Adapun yang diatur dalam KUHPdt mewajibkan kepada debitur untuk mengganti
barang pinjaman dengan barang yang baru, karena obyek dari pinjaman adalah
sesuatu yang menghabis, sehingga debitur harus bertanggung jawab atas
kemusnahan barang pinjaman.
D. Rikun Pinjam Meminjam
Rukun pinjam meminjam ada empat macam dengan syaratnya masing-masing
sebagai berikut:
1. Orang-orang yang meminjamkan, disyaratkan;
Berhak berbuat kebaikan tanpa ada yang menghalangi. Orang yang dipaksa
anak kecil tidak sah meminjamkan.
Barang yang dipinjamkan itu milik sendiri atau menjadi tanggung jawab orang
yang meminjamkannya.
2. Orang-orang yang meminjam, disyaratkan;
Berhak menerima kebaikan. Oleh sebab itu, orang gila atau anak kecil tidak sah
meminjam.
Hanya mengambil manfaat dari barang dari barang yang dipinjam.

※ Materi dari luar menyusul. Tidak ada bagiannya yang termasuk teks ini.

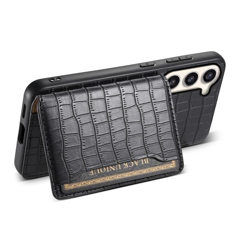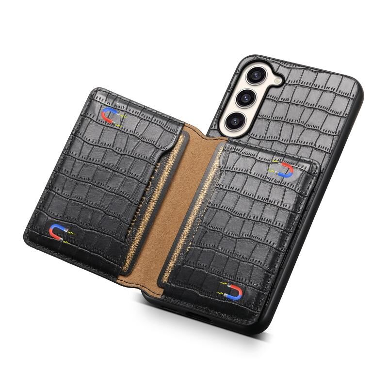 Θήκη κινητού τηλεφώνου πλήρους κάλυψης με σχέδιο τσάντας κάρτας υφής κροκόδειλου για Samsung Galaxy S23+ 5G (Μαύρο)
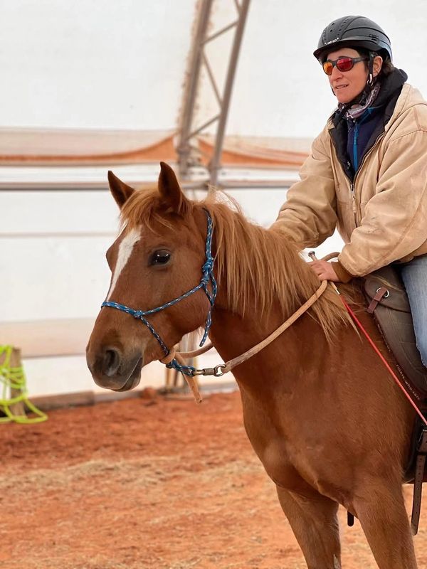 Sarah Sycinski: wont buck you off, paces when nervous (but doesn't act stupid-me) might Gait if you go faster-he's a Missouri Foxtrotter, would most likely go better in company ie: trails, sweet and gentle to brush, feet and tack up, stands nicely to hose off. He is in a D bit with copper roller and we are using the Barefoot saddle on him for comfort.
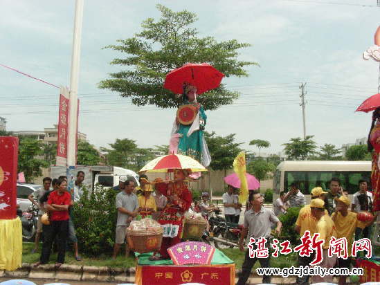 享誉国内外的吴川梅岭民间艺术团在金源饼业有限公司新址及吴川市区表演了醒狮艺术及金源月饼、嫦娥奔月、八仙赏月、后羿摘月等4台飘色,使吴川市民和来宾近距离观看到精彩的吴川飘色艺术。
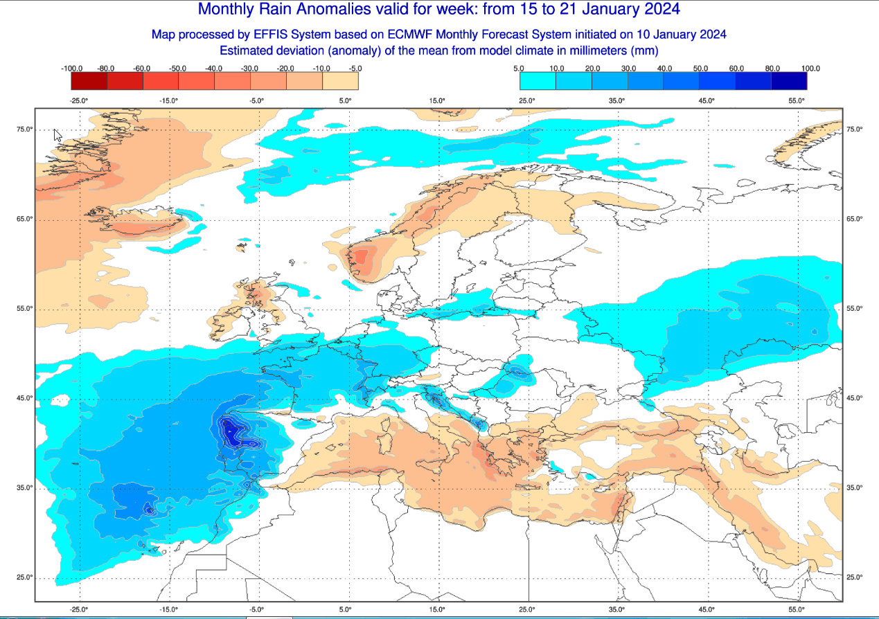 Sul fronte delle precipitazioni, queste sono le anomalie previste sempre per nel suddetto lasso temporale compreso tra il 15 e il 21 gennaio:
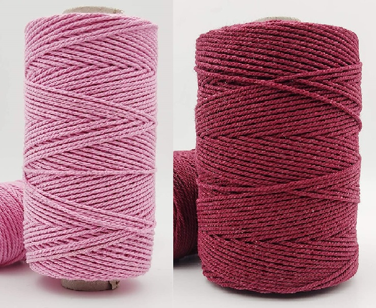 ProKart Twisted Piping Macrame Cotton Cord/Dori Thread (50 Meters, 1.5mm) for Macrame DIY and Other Projects Pack Of 2 Pink & Maroon
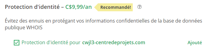- Vérifiez "Domain privacy" car bien qu'il soit gratuit sur un ".ca", il est possible que sur un ".com" vous aillez de frais d'environ 10$. Cela dit, nous vous recommandons tout autant de le prendre pour le ".com", cela va vous évitez de recevoir pleins de courriels SPAM aux adresses liées à ce nom de domaine.
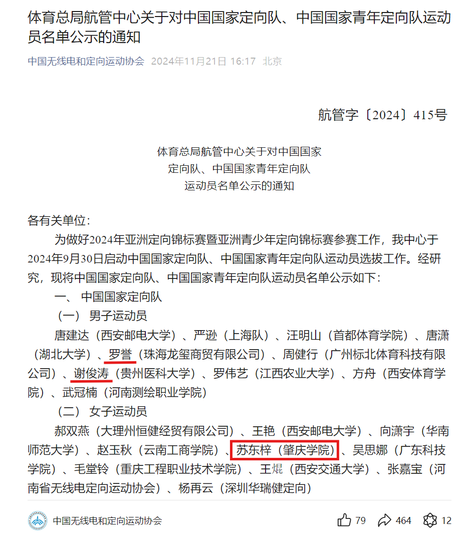 本网讯 近日,国家体育总局航空无线电模型运动管理中心发布了关于中国国家定向队和中国国家青年定向队运动员名单的公示,yL23411永利官网登录体育与健康学院2021级体育教育专业的苏东梓同学成功入选中国国家定向队,将代表中国队出征2024年亚洲定向运动锦标赛暨亚洲青少年定向锦标赛。此外,永利官网2012级校友罗誉和2014级校友谢俊涛也一同入选,为母校争得了荣誉。
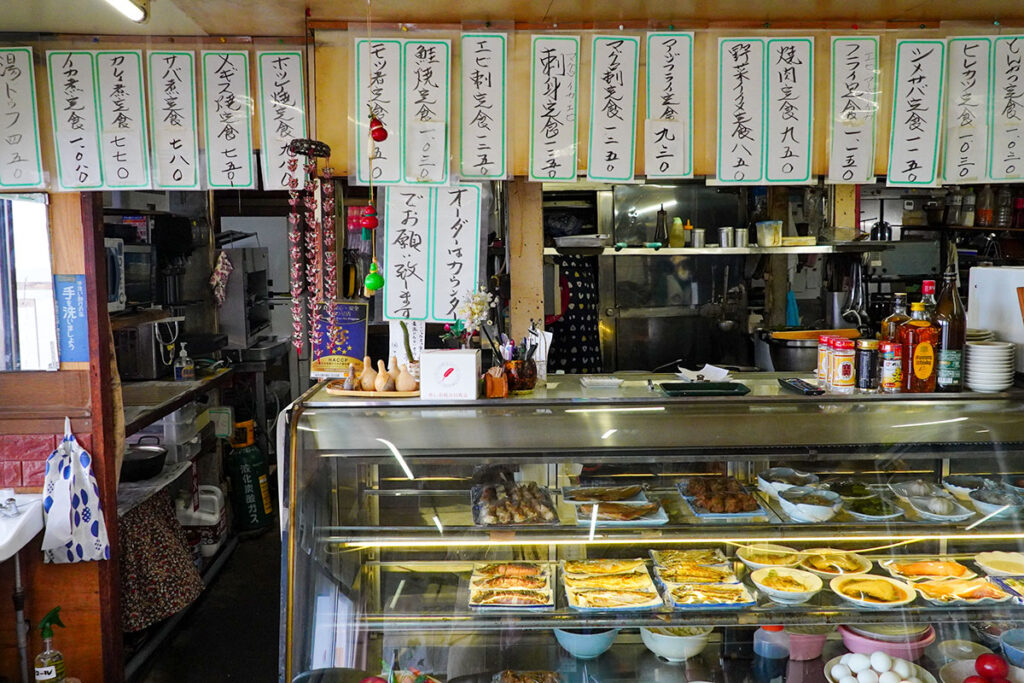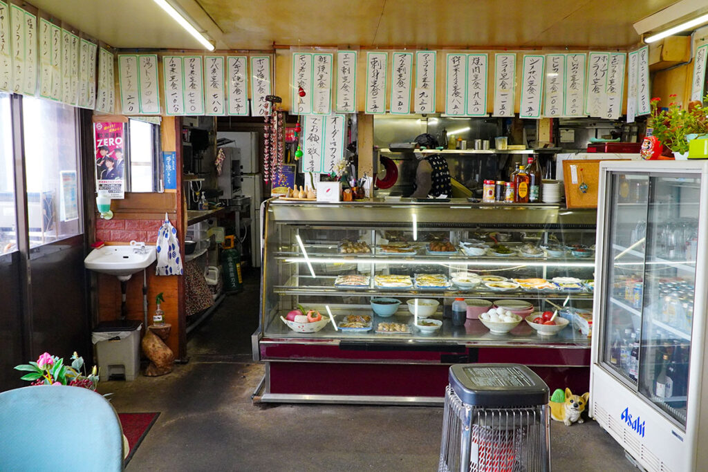 建物は平屋で、隣には釣具店が併設されています。というより、釣具店と食堂が一体化したような不思議な造り。かつては24時間営業で、深夜に国道を行き交う長距離ドライバーのオアシスだった場所です。現在は朝8時から営業。アルコールの提供もあるので、ドライバー以外は朝酒を楽しむこともできます。
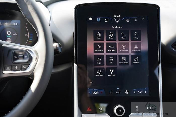 VinFast VF e34 được trang bị màn hình xe cảm ứng 10 inch. Ngoài hệ thống giải trí, màn hình còn cho phép người dùng cài đặt và theo dõi tất cả những tính năng điện tử trên xe.
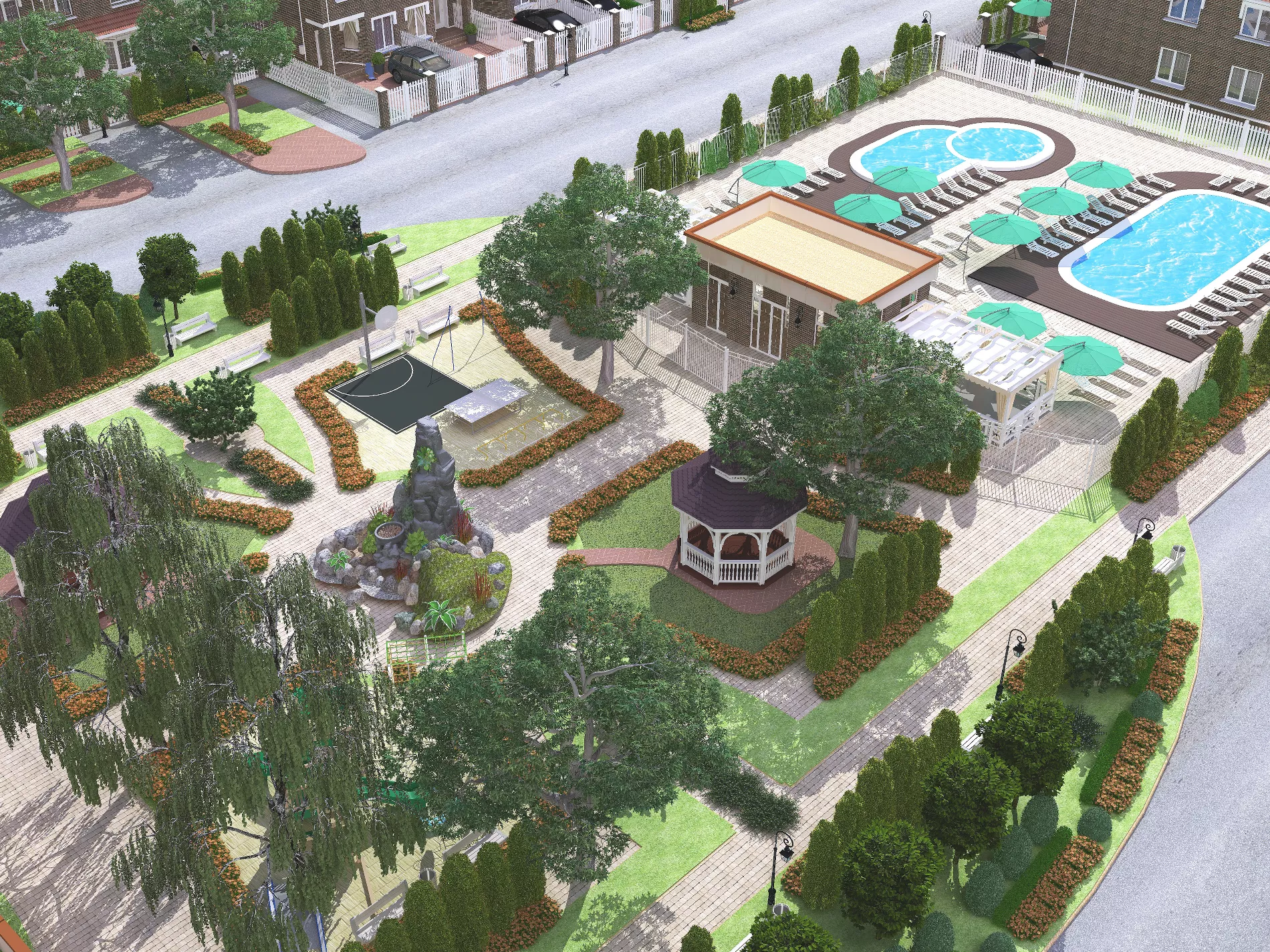 Инфраструктура: в центре КК «Австрия» расположится парковая зона с детскими и спортивными площадками, лавочками и беседками для отдыха. Там же будет обустроена аквазона с двумя бассейнами — для взрослых и детей, душевыми кабинками и санузлами. В проекте предусмотрено размещение шезлонгов и навесов.
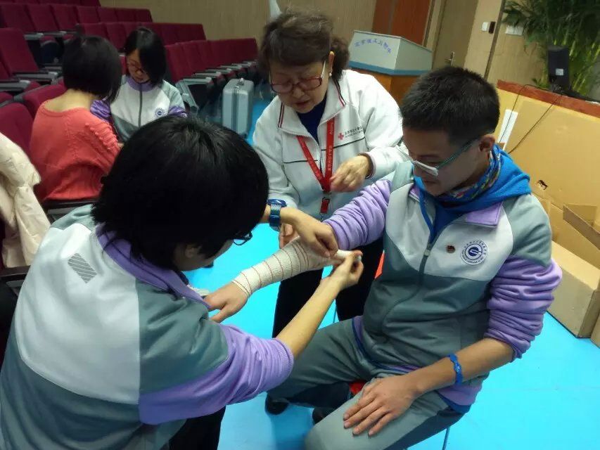 在讲授完理论知识的基础上,分成10个小组,由指导老师分别进行了绷带及三角巾包扎实际应用、操作培训与考核。参加培训的全体师生全部通过了考核要求。

3. Barang yang dipinjam, disyaratkan;
Ada manfaatnya
Barang itu kekal (tidak habis setelah diambil manfaatnya). Oleh karena itu,
makanan yang setelah dimanfaatkan menjadi habis atau berkurang zatnya tidak
sah dipinjamkan.
4. Akad, yaitu ijab dan qabul.
Pinjam-meminjam berakhir apabila barang yang dipinjam telah diambil manfaatnya
dan harus segera dikembalikan kepada yang memilikinya. Pinjam-meminjam berakhir
apabila salah satu dari kedua belah pihak meninggal dunia atau gila. Barang yang
dipinjam dapat diminta kembali sewaktu-waktu, karena pinjam meminjam bukan
merupakan perjanjian yang tepat.
Jika terjadi perselisihan pendapat antara yang meminjamkan dengan yang
meminjam barang tentang barang itu sudah dikembalikan atau belum, maka yang
dibenarkan adalah yang meminjamkan dikuatkan dengan sumpah. Hal ini didasarkan
padda hokum asalnya yaitu belum dikembalikan.
A. Kesimpulan
Setelah menyusun makalah ini yang berjudul, “Pinjam Meminjam dalam Islam”,
Penulis menyimpulkan bahwa dalam proses pinjam meminjam di kalangan masyrakat
harus memperhatikan beberapa hal sebelum melakukannya, Agar tidak terjadi hal-hal yang
tidak diinginkan seperti yang terjadi saat sekarang ini.
Semoga Allah Taala memberikan kemampuan kepada kita untuk dapat mengikuti dan
mentaati petunjuk dalam hal pinjam-meminjam dan bersedekah dalam ajaran islam.
Amin…
B. Saran
Dalam penyusunan makalah ini, masih banyak terdapat kekurangan-kekurangan, untuk
itu penulis sangat mengharapkan partisipasi rekan dan dosen berupa saran serta kritik yang
bersifat membangun demi penyempurnaan makalah ini.